In a 2019 case of Blevins, property settlement orders were made in 1999 which included periodic spousal maintenance payments of $750 per month, payable for 10 years. When that order expired in 2009, the parties to the agreement consented to a further order that the husband pay one final lump sum amount of maintenance of $275,000.
In 2019, more than 20 years after the parties had separated, the wife’s pension entitlements changed, such that she was no longer entitled to that pension. The wife was then aged 69 and not able to work. The wife’s other savings and assets were not sufficient to meet her reasonable needs. The husband had remarried and was then aged 71. Not surprisingly, the husband argued that the wife’s application should be dismissed on the basis that they had entered into final property settlement orders including the lump sum amount in 2009. The husband further argued that as it had been well over 12 months since the date had divorced, the wife should not be entitled to make any further claim for spousal maintenance.

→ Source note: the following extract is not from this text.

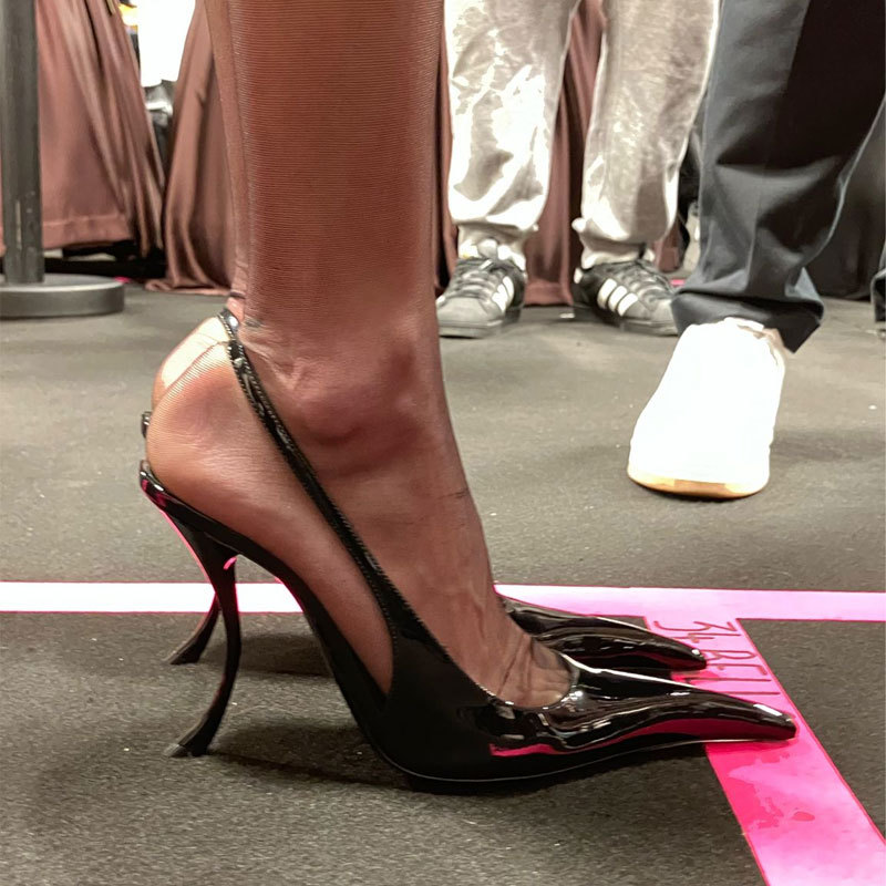 유럽 및 미국 무역 봄 여름 신상 레트로 스타일 여성용 하이힐 뾰족코 오픈백 빅사이즈 구두

While the wife was not successful in arguing that there was a spousal maintenance order in force at the date of the Court application, Judge Baker did accept that the original 1999 maintenance order could be revived under Section 83 of The Family Law Act. Accordingly, the case was sent back for hearing and the making of the lump sum payment in 2009 was found not to be the final end to the case.
The lesson to be learned from cases such as Blevins is that spousal maintenance orders can be extended, varied or revived once an order has been made, and should only be entered into in the most serious of cases. While spousal maintenance can be a very important tool in providing support to a person who is in real financial need and where their former spouse has the capacity to pay them that maintenance, such orders can have very long lasting and unintended consequences.